Hi we are taking daughter to Gatwick for early morning flight on sunday feb. 12th, thought we would go down early sat evening, we need a site within walking distance of a restaurant and say 30 miles of Gatwick airport. Any suggestions please.

Olley


----------



## 96097 (Aug 22, 2005)

Hi Olley

Longacres Caravan & Camping Park Cs 
Newchapel Road 
Lingfield
Surrey 
RH7 6LE 
Tel: 01342 833205 
Fax: 01403 710923 
Pitches: 60
Open: All Year Round 
Might be worth a try. Don't know about restaurant, but pub there.

Sharon


----------



## olley (May 1, 2005)

thanks for that sharon, just had a look, could be ok. its daughters birthday on the saturday, and she wants us to go for a meal, after we get to site.

Olley


----------



## LadyJ (May 9, 2005)

Theres Amberly Fields CC site almost at the end of gatwick runway.


----------



## olley (May 1, 2005)

Thanks ladyj, and theirs a pub/restaurant next door called the flight tavern, will look it up on cc site.

Olley


----------



## billym (Dec 17, 2005)

*site near gatwick*

Alderstead Heath Caravan Club Redhill.

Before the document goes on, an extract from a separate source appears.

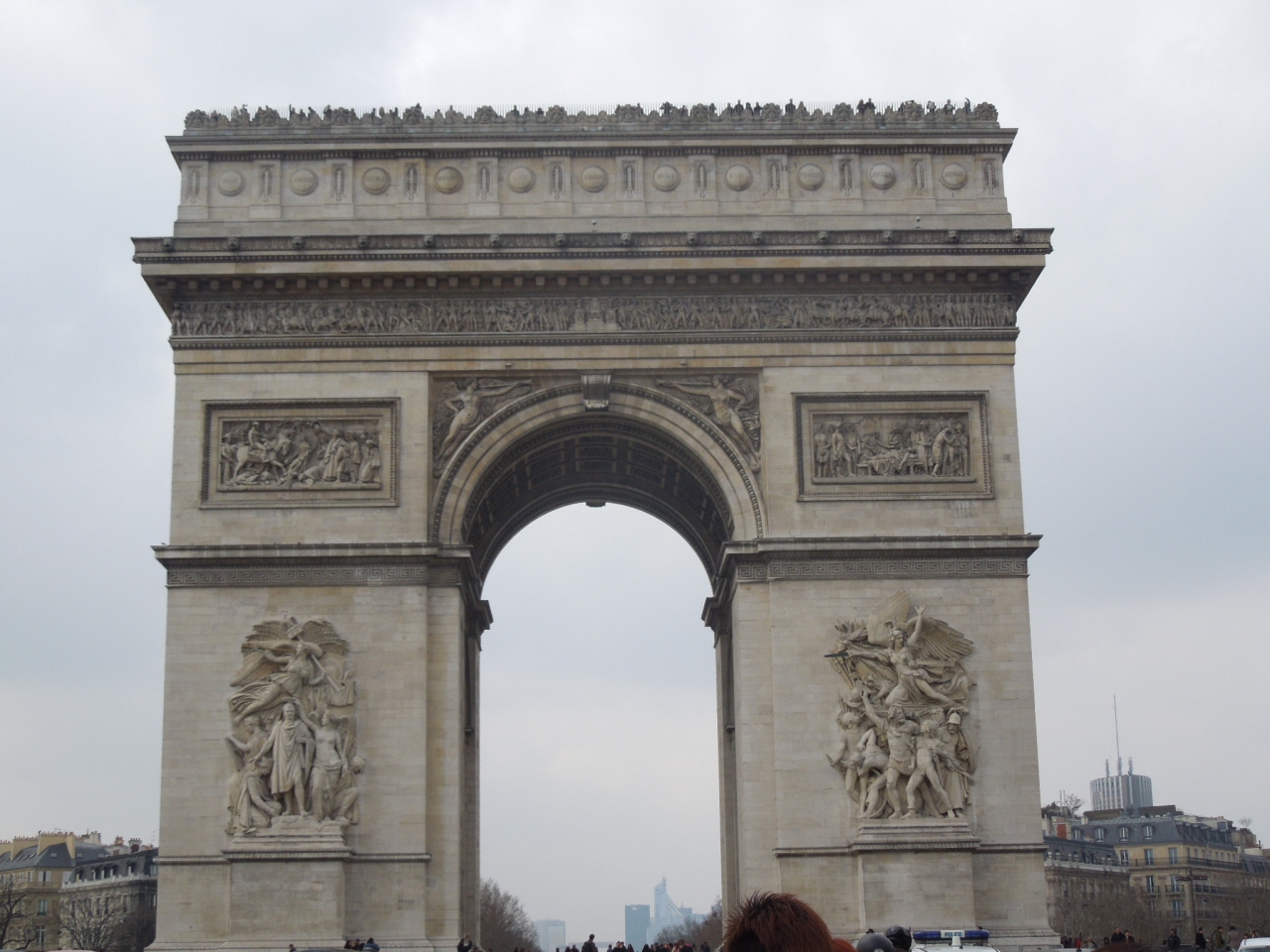 写真ですが凱旋門のすぐ下からだと凱旋門が大きく上手く写真に収まらなく、おすすめは地下道を通りシャンデリゼ通り側に出て凱旋門前の横断歩道の真ん中から撮るのがおすすめです。観光の人が多く写真を撮っていて中央分離のスペースもありますが車に注意です。

Easy for rvs


----------



## olley (May 1, 2005)

Hi all, just got back from CC amberley fields good site about 3 miles from Gatwick alongside the runway, thanks ladyj. Good if you like watching planes takeoff, not so good if your looking for peace and quiet :lol: 

Already two rv's on site a Brave (another couple with great taste) and a Damon Daybreak. Good pub/restaurant next to the entrance to site. Also a Toby about 2 miles away (they do an excellent carvery for 7.99)

Back next weekend to pick the daughter up early monday morning, At this moment she's sunning herself in st. lucia.

Olley


----------